A 22 Gauge for a 10-year-old??


My ex-husband and I communicate pretty well. We try to keep each other informed of all extracurricular activities, grades, anything unusual going on, disruptions in the schedule, etc. We always talk before Christmas and birthdays to see what gifts the other is buying and to ensure the kids don’t get a bunch of duplicates.

J’s birthday is only one week before Christmas so we really have to be careful with duplicates for him. It also makes it hard to come up with “enough” presents at times. “A gaming chair” is what Troy told me he was getting J for his tenth birthday. But when I asked about Christmas, he kept saying he didn’t know yet.
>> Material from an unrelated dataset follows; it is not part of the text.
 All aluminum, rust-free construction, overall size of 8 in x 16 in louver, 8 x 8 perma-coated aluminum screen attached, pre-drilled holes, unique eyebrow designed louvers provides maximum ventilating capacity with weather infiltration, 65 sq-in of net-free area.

I finished my shopping and gave him the entire list so he knew what not to buy.  I also gave him the perfect idea for our 12-year-old daughter.
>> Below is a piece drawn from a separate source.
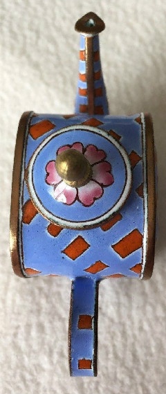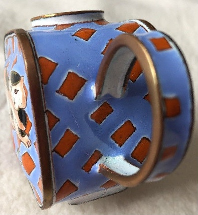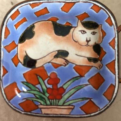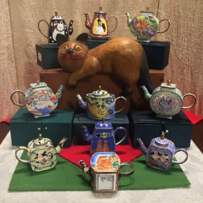 This FUN unsigned miniature enamel Kevin Chen teapot is ready for you to use as an ornament (be creative with clear fish line), a stocking stuffer, display or give to a special cat lover on your gift list.

The kids and I wake up Christmas morning at 5:45 a.m. They excitedly open each and every gift. A is mostly enthused about her makeup bag and Twilight movies.  J was thrilled to get a bike and movie posters for his room. After a nap and a few hours of checking out their new stuff, Troy picked them up. They were excited to see that side of the family. I picked them up at 3:30 to head to my mom’s. Their smiling faces greeted me at the door. “I got a foot spa,” A said with lots of energy. I knew she’d love it. J didn’t say much. We got in the car and I asked J what he got. “A flashlight and a 22.” I couldn’t have heard him right so I asked again. “I said I got a flashlight and a 22 mom.” I then asked what a 22 is. I knew but I thought there must be something else called a 22. He’s only 10 and this was not discussed with his mother at all. No way would anyone, even his dad, buy him a 22… so I thought. “It’s a rifle mom.” I then asked if it was a real rifle. It was.
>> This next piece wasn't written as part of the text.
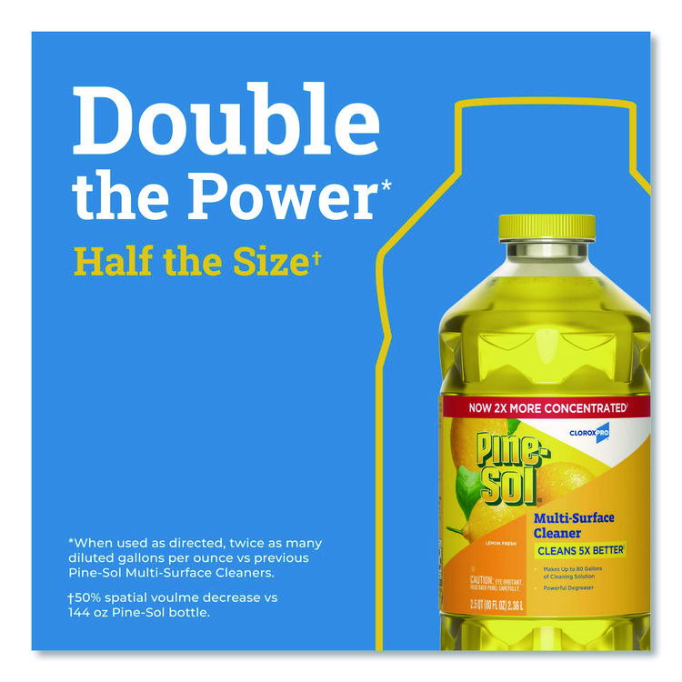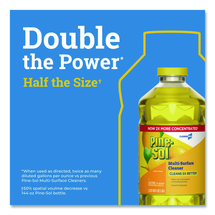 Pine-Sol CloroxPro Multi-Surface Cleaner Concentrated, Lemon Fresh Scent, 80 oz Bottle (CLO60607EA)

I don’t think I even blinked for five minutes. We just sat there in the car. I was in shock. I debated going back inside to ask him what he was thinking but his parents and extended family were there and I didn’t want to cause a seen.

Troy bought J a BB gun at age 7 and a bow and arrow at 8 and I thought he was too young for those but I gradually adjusted. They only use the BB gun and bow and arrow for target shooting at Troy’s grandpa’s house out in the country. And to be honest, I had a BB gun around 7- or 8-years-old. Other than that though, I was never raised around weapons of any kind. Guns scare me. You can say guns don’t kill, people do but hey, accidents happen. People wouldn’t die of gunshot wounds if the other person didn’t have a gun.

 J doesn’t want to hunt so I really don’t get the point of this at all. He told me that he is excited about the gift though and can’t wait to go target shooting.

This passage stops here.